Among the wide-ranging recommendations of the interim report, it suggests audit committees could spend more time on auditor scrutiny; that investors need to accept smaller firms as auditors if audit committees choose them; and other executives should have less influence on the audit process.
And the one that could cause the most consternation: audit committees should report directly to a regulator during the tender and engagement processes; and regulators should rebuke audit committees if they believe their performance is below par.
“There is no doubt that the changes put more heat on the audit committee chair, and for some that will make the role less attractive,” says Pippa Begg, co-chief executive at Board Intelligence.
“One thing is for sure, it does shift the prominence of the role and the risk-vs-reward pendulum. I would expect to see audit committee chairs doing far more due diligence, and rightly so, before they accept a position.”
Being on an audit committee is “a thankless task” according to Paul Moxey, visiting professor in corporate governance at London South Bank University and a consultant.
He has concerns that the proposed changes might fail to address the core issue: audit committees have “little incentive” to go looking for audit problems.
“Similarly, thorough investigation of what audit committees did, or did not do, after a failure such as Carillion, should focus audit committee members’ minds,” he adds.
“It is a great pity that this has not been done [before], as there is a lot which could have been learned that could have made audit committee members more effective,” says Moxey.
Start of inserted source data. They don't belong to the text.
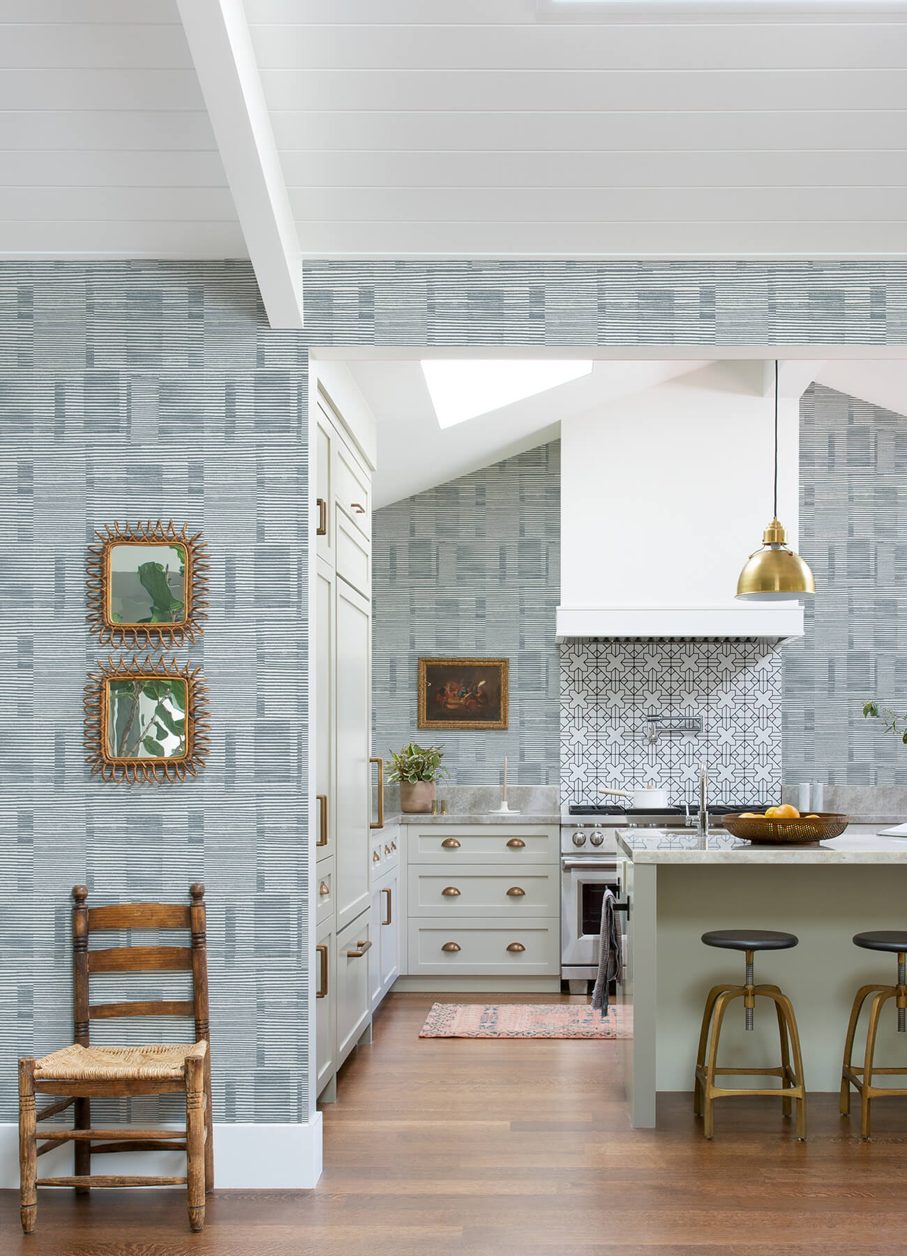 Bring chic dimension to your interiors with this soothing, striped wallpaper. The thin bands of denim blue overlap in places to create an abstract, almost woven tapestry. Callaway is an unpasted, non woven wallpaper. Elevate your home with the subtle colors and warm sophistication of Georgia wallpaper collection by A-Street Prints. Timeless design is revisited and rejuvenated with this assortment of elegant botanical, striking geometric, and complementary textures.
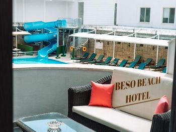 BESO BEACH HOTEL — это отель с 4 звездами на первой линии города Агва. В распоряжении гостей сезонный открытый бассейн, сад и ресторан. Гости могут воспользоваться круглосуточной стойкой регистрации или аквапарком. Гости могут посещать сауну и хаммам или наслаждаться видом на город.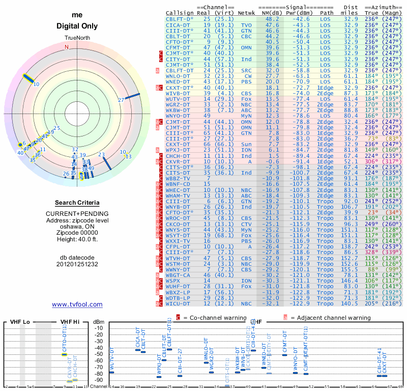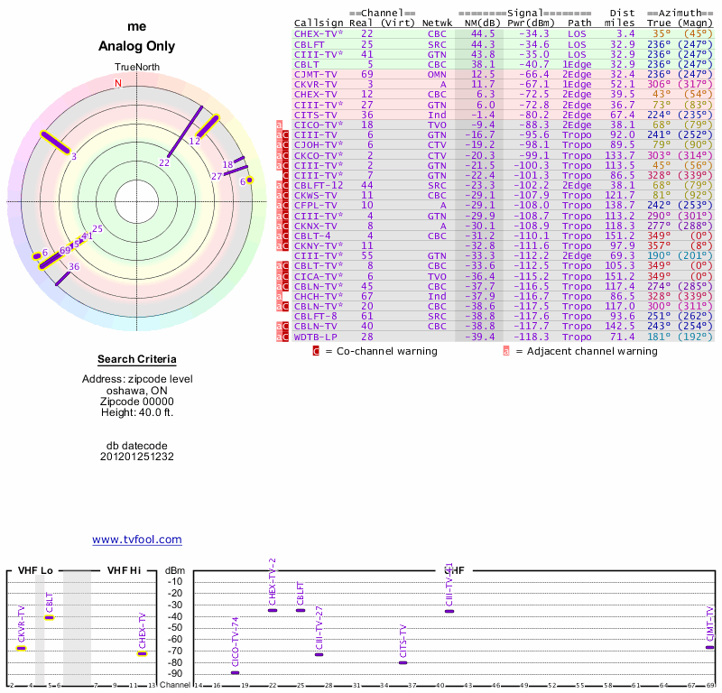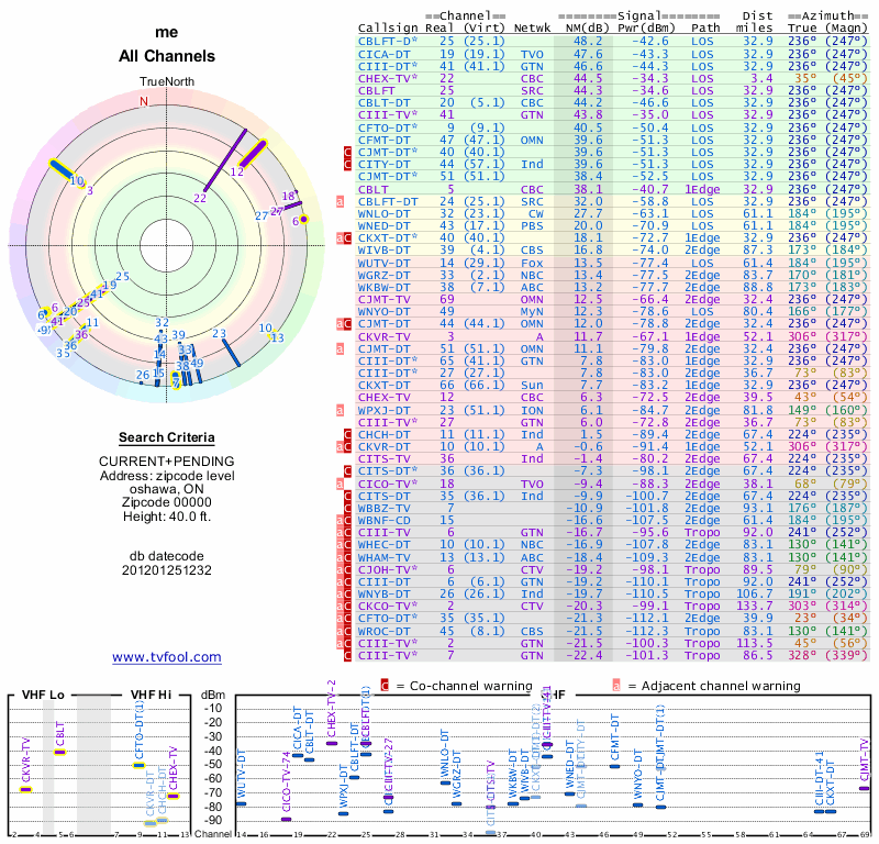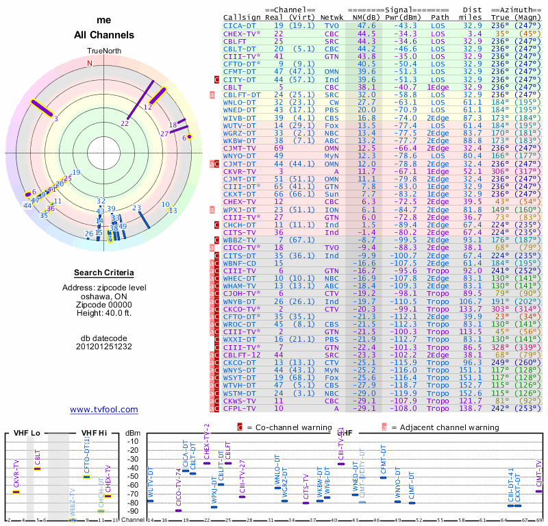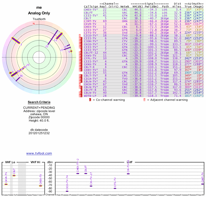 Here are the results for your location. The transmitter database was last updated on June 7, 2013. For more information about these plots and how to interpret them, please check out the Signal Analysis FAQ.

–Pippa Begg, Board Intelligence
However, portfolio non-executive director and CFO mentor Bob Beveridge doesn’t agree with a number of the measures laid out for audit committees from the CMA report.
Firstly, he disagrees with regulatory involvement and reporting during the audit tender process. A “minimum criteria” should be set out for the process, and gauged in terms of its appropriateness and effectiveness in review.
“The proposed change … [implies] a lack of trust in audit chairs and feels rather disrespectful. Reporting afterwards is less of an issue and perfectly reasonable,” he explains.
But, for Pippa Begg, “fundamentally the role hasn’t changed”.
“Audit committee chairs should have been doing this before—we’ve just raised the bar on what is expected and injected new ideas (like two auditors undertaking the audit) to ensure quality,” she says.
“Non-executives have always had to walk a fine line of being a critical friend to the executive, and these proposals heighten that challenge.
“The key to being successful will be how they challenge habits, norms and conventions, and ask the difficult and sometimes quite uncomfortable questions in a way that supports the business rather than making those involved feel hen-pecked.”